Implementation:Turboderp org Exllamav2 Ext Bindings
| Knowledge Sources | |
|---|---|
| Domains | Python_Bindings, C_Extension |
| Last Updated | 2026-02-15 00:00 GMT |
Overview
PyBind11 module entry point that registers all 50+ C++ extension functions as Python-callable methods under the exllamav2_ext module.
Description
ext_bindings.cpp is the single PYBIND11_MODULE definition file that exposes the entire ExLlamaV2 C++ extension library to Python. It includes all extension headers and registers each function via m.def(). The bindings are organized by functional category:
Quantization
- pack_rows_4 -- Pack tensor rows into 4-bit format
- pack_columns -- Pack tensor columns
- quantize -- Quantize tensor values
- quantize_err -- Quantize with error tracking
- quantize_range / quantize_range_inplace -- Range-based quantization
- sim_anneal -- Simulated annealing for quantization optimization
Sampling
- apply_rep_penalty -- Apply repetition penalty to logits
- sample_basic -- Basic sampling from logit distribution
- logit_filter_exclusive -- Exclusive token filtering on logits
- fast_fill_cpu_ones_bool -- Fast CPU boolean tensor fill
- fast_fadd_cpu / fast_copy_cpu -- Optimized CPU tensor operations
- dump_profile_results -- Dump profiling data
- partial_strings_match -- Partial string matching for guided generation
Safetensors / Loader
- stloader_read -- Read safetensors file
- tensor_remap / tensor_remap_4bit -- Remap tensor layouts
Matrix Operations
- make_q_matrix / make_q_matrix_split -- Create quantized matrices
- free_q_matrix -- Free quantized matrix
- reconstruct -- Dequantize to FP16
- gemm_half_q_half / gemm_half_q_half_tp -- Quantized GEMM (single and TP)

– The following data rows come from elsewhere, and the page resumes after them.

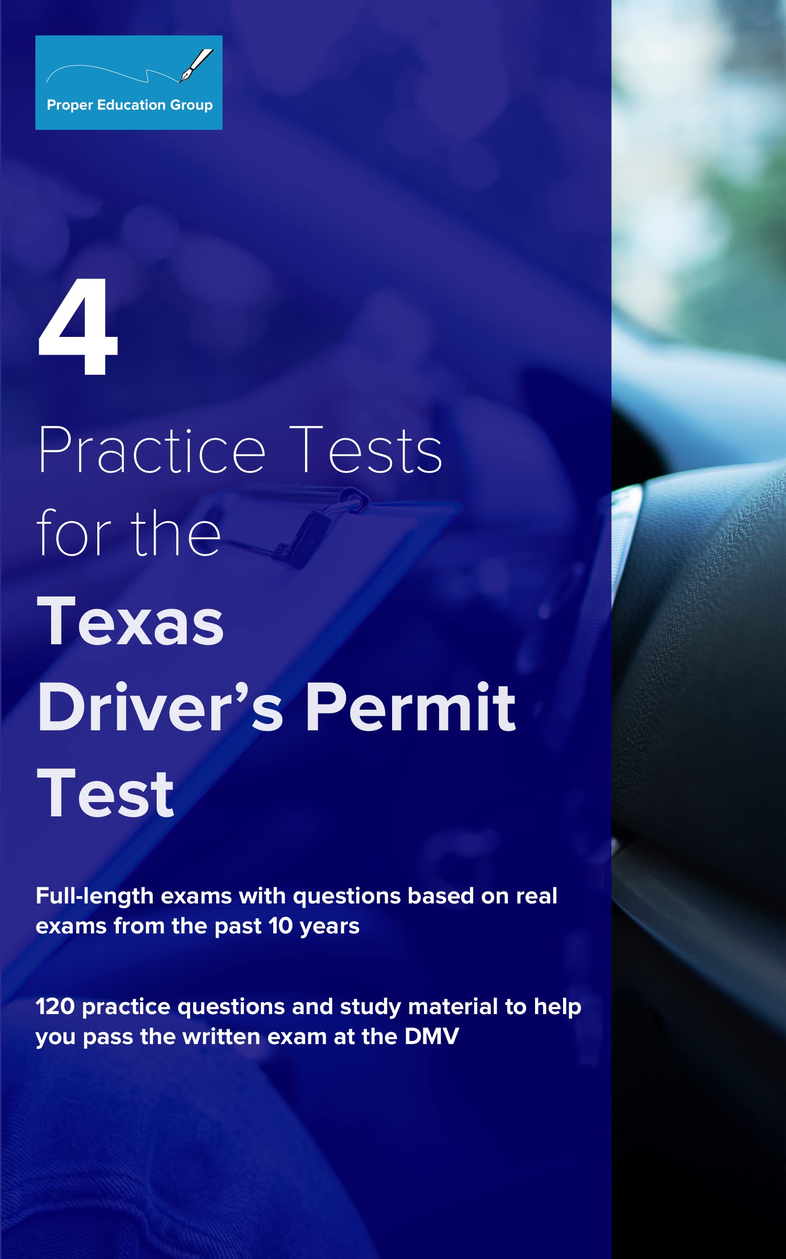 Proper Education Group’s 4 Practice Tests for the Texas Learner Permit Test is a must-have all-in-one Texas driving permit test prep book.
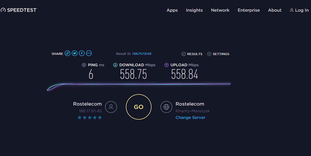 «Ростелеком» в качестве максимально возможной скорости заявляет 500 Мбит/с. Такая скорость предоставляется на топовых пакетах услуг с интерактивным телевидением. Для получения более высокой скорости не нужно прокладывать отдельный кабель по дому и платить дополнительные деньги. В распоряжении клиентов «Ростелекома» также значатся тарифы со скоростями в 50, 120, 150 и 200 Мбит/с. Средние скорости по абонентской базе составляют 90 Мбит/с (согласно карте замеров скоростей Speedtest).
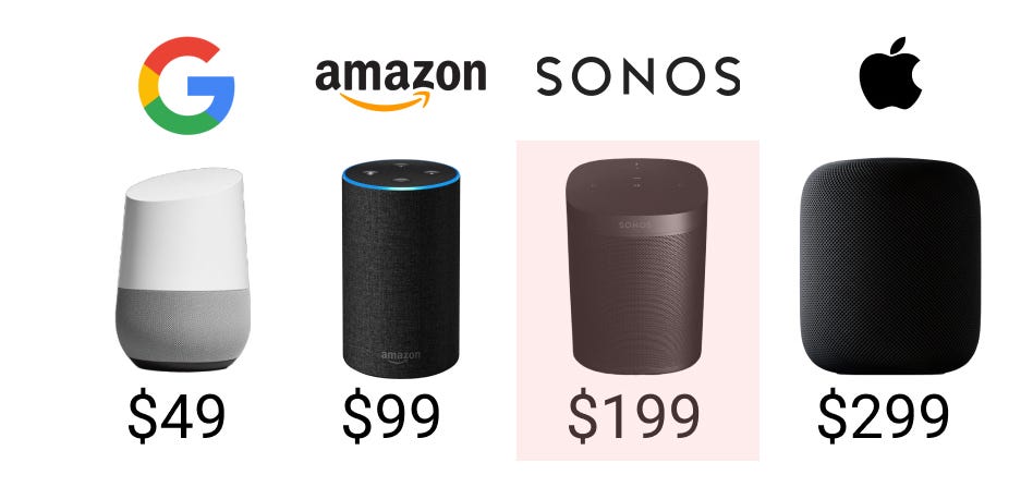 Sure, it has better sound quality. But this is difficult for the average ear to pick up on. Amazon/Google have significantly more resources to deploy in terms of marketing and R&D for the voice assistants. These two players have open-sourced their assistants, so you can use both on a Sonos Speaker. But Sonos doesn’t make any money or get any accumulating competitive advantage from the services provided by these voice assistants. The only differentiated hardware company that’s done well is Apple. But Apple had its own ecosystems to lean on and and since it operates from a position of ecosystem lock-in, Sonos speakers don’t even have access to Siri.
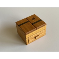"Drawer With A Tree" Puzzle is a new release by Hiroshi Iwahara. The crafter describes his work as "This item was designed with the same mechanism of “Box with a tree” (RF-14). The shape changed from Secret Box type to Drawer type. The internal space became bigger. You can unlock the drawer by sliding the two panels well. But, if you slide only one plate for the time being, it is already a failure. Also, use the “tree” on the top as well. The direction of the tree is important. If you succeed, the two lines connect to one line, the device inside moves, and the drawer will be unlocked.".

- matrix_fp16_to_q4 / matrix_q4_to_fp16 -- Q4 format conversions
- make_group_map -- Build quantization group mapping
Attention
- make_q_attn / free_q_attn -- Create/destroy attention layers
- q_attn_forward_1 / q_attn_forward_2 -- Two-phase attention forward
- q_attn_set_loras -- Configure attention LoRA adapters
- tp_attn_forward_paged_ / tp_attn_forward_ -- Tensor-parallel attention
- set_flash_attn_func -- Register Flash Attention function
MLP
- make_q_mlp / free_q_mlp -- Create/destroy MLP layers
- make_q_moe_mlp / free_q_moe_mlp -- Create/destroy MoE MLP layers
- q_mlp_forward_ -- MLP forward pass
- q_mlp_set_loras -- Configure MLP LoRA adapters
- q_moe_mlp_forward_ -- MoE MLP forward pass
- tp_mlp_forward_ -- Tensor-parallel MLP forward
Cache
- fp16_to_fp8 / fp8_to_fp16 -- FP8 cache conversion
- fp16_to_q_kv / q_to_fp16_kv -- Quantized KV cache conversion
- count_match -- Cache prefix matching
- cache_rotate -- Rotate cache entries
Hadamard
- had_paley / had_paley2 -- Hadamard transform operations
GEMM
- gemm_half_half_half -- Dense FP16 GEMM
Normalization
- rms_norm / rms_norm_ / rms_norm_tp -- RMS normalization variants
- layer_norm / layer_norm_ -- Layer normalization
- head_norm / head_norm_ -- Per-head normalization
RoPE
- rope_ -- Rotary position embedding application
- gen_mrope_pos_ids -- Generate multi-modal RoPE position IDs
Element-wise
- softcap_ -- Soft capping of logits
Tensor Parallelism
- make_tp_context / free_tp_context -- Create/destroy TP context
- tp_broadcast / tp_gather -- Inter-device communication
- tp_cross_device_barrier -- Device synchronization
- tp_all_reduce -- Cross-device reduction
Usage
This file is compiled as part of the exllamav2_ext PyTorch C++ extension. All functions become available after importing the module. The registered names match their C++ function names exactly, so ext_c.make_q_matrix(...) in Python calls the C++ make_q_matrix(...) function directly.
Code Reference
Source Location
- Repository: Turboderp_org_Exllamav2
- File: exllamav2/exllamav2_ext/ext_bindings.cpp
- Lines: 1-138
Signature
PYBIND11_MODULE(TORCH_EXTENSION_NAME, m)
{
// Quantization
m.def("pack_rows_4", &pack_rows_4, "pack_rows_4");
m.def("pack_columns", &pack_columns, "pack_columns");
m.def("quantize", &quantize, "quantize");
m.def("quantize_err", &quantize_err, "quantize_err");
m.def("quantize_range", &quantize_range, "quantize_range");
m.def("quantize_range_inplace", &quantize_range_inplace, "quantize_range_inplace");
m.def("sim_anneal", &sim_anneal, "sim_anneal");
// Sampling
m.def("apply_rep_penalty", &apply_rep_penalty, "apply_rep_penalty");
m.def("sample_basic", &sample_basic, "sample_basic");
m.def("logit_filter_exclusive", &logit_filter_exclusive, "logit_filter_exclusive");
// ... (50+ total bindings across all categories)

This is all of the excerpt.